A token is the smallest element of a C++ program that is meaningful to the compiler. The C++ parser recognizes these kinds of tokens: identifiers, keywords, literals, operators, and other separators. A stream of these tokens makes up a translation unit.
Tokens are most commonly separated by “white space.” White space can be one or more:
Blanks
Horizontal or vertical tabs
New lines
Formfeeds
Comments
token:
keyword
identifier
constant
operator
punctuator
preprocessing-token:
header-name
identifier
pp-number
character-constant
string-literal
operator
punctuator
each non-white-space character that cannot be one of the above
The parser separates tokens out of the input stream by creating the longest token possible using the input characters. Consider the following code fragment:
a = i+++j;
The intention of the programmer who wrote the code might have been one of the following:
Preincrement j, add the values of i and j, and assign the sum to a (where the tokens are i, +, and ++j). For more information about prefix incrementing, see “Increment and Decrement Operators” in Chapter 4 on topic .

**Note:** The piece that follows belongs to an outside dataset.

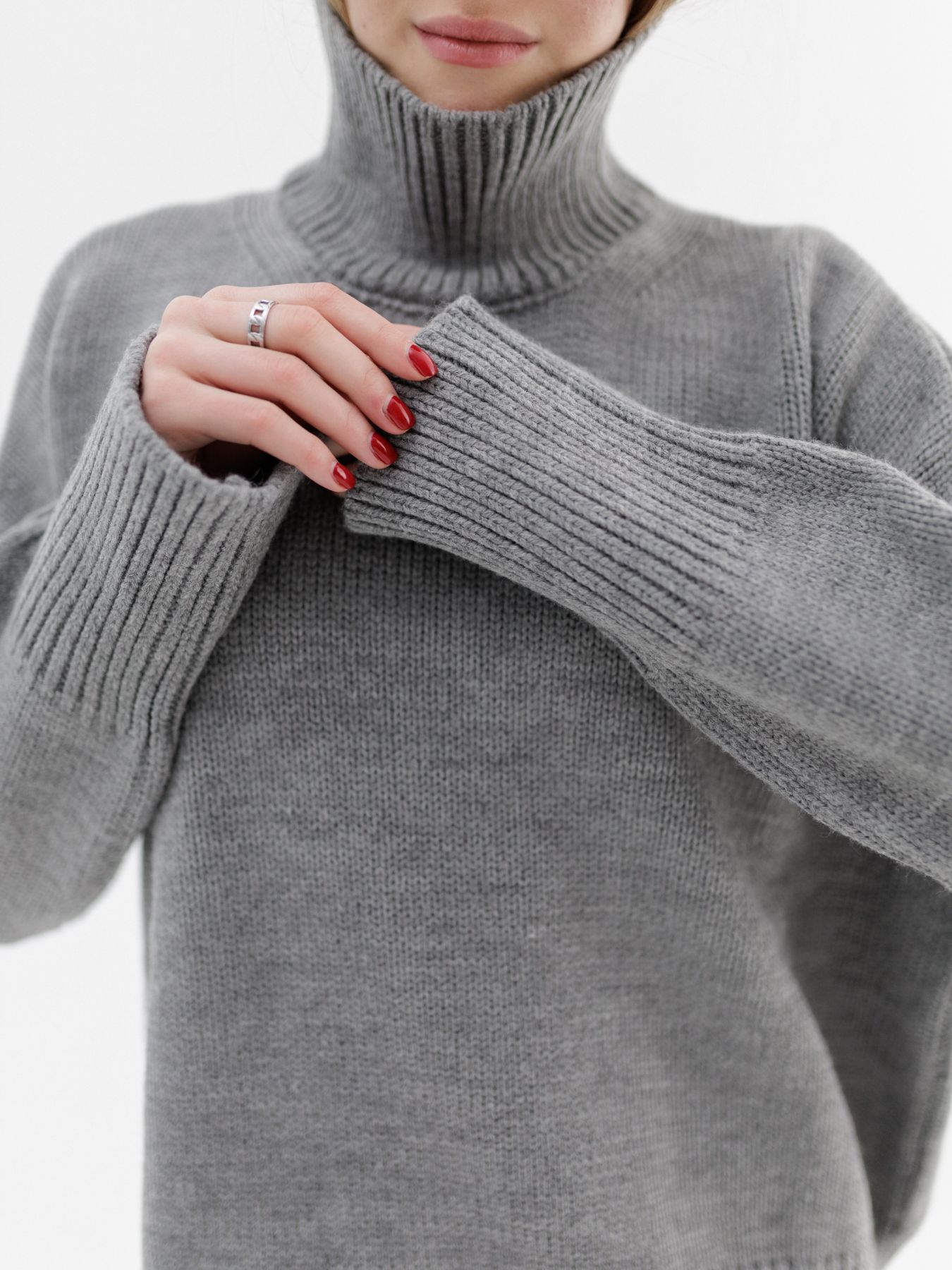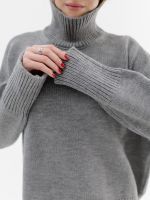 Шерстяной свитер однотонный серого цвета оверсайз кроя с широкой стойкой.
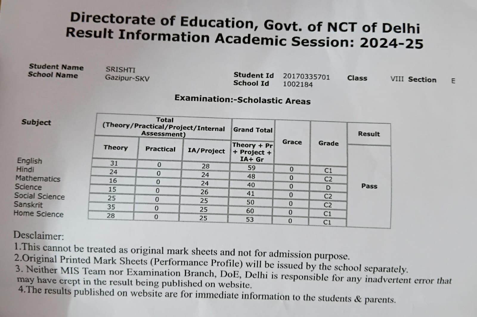 | Exam | Full Marks | Pass Marks | Marks Obtained |

This interpretation is equivalent to the expression a = i + (++j).
Add the values of i and j, assign the sum to a, then postincrement i (where the tokens are i, ++, +, and j). For more information about postincrementing, see “Postfix Increment and Decrement Operators” in Chapter 4 on topic .
This interpretation is equivalent to the expression a = (i++) + j.
Because the parser creates the longest token possible from the input stream, it chooses the second interpretation, making the tokens i++, +, and j.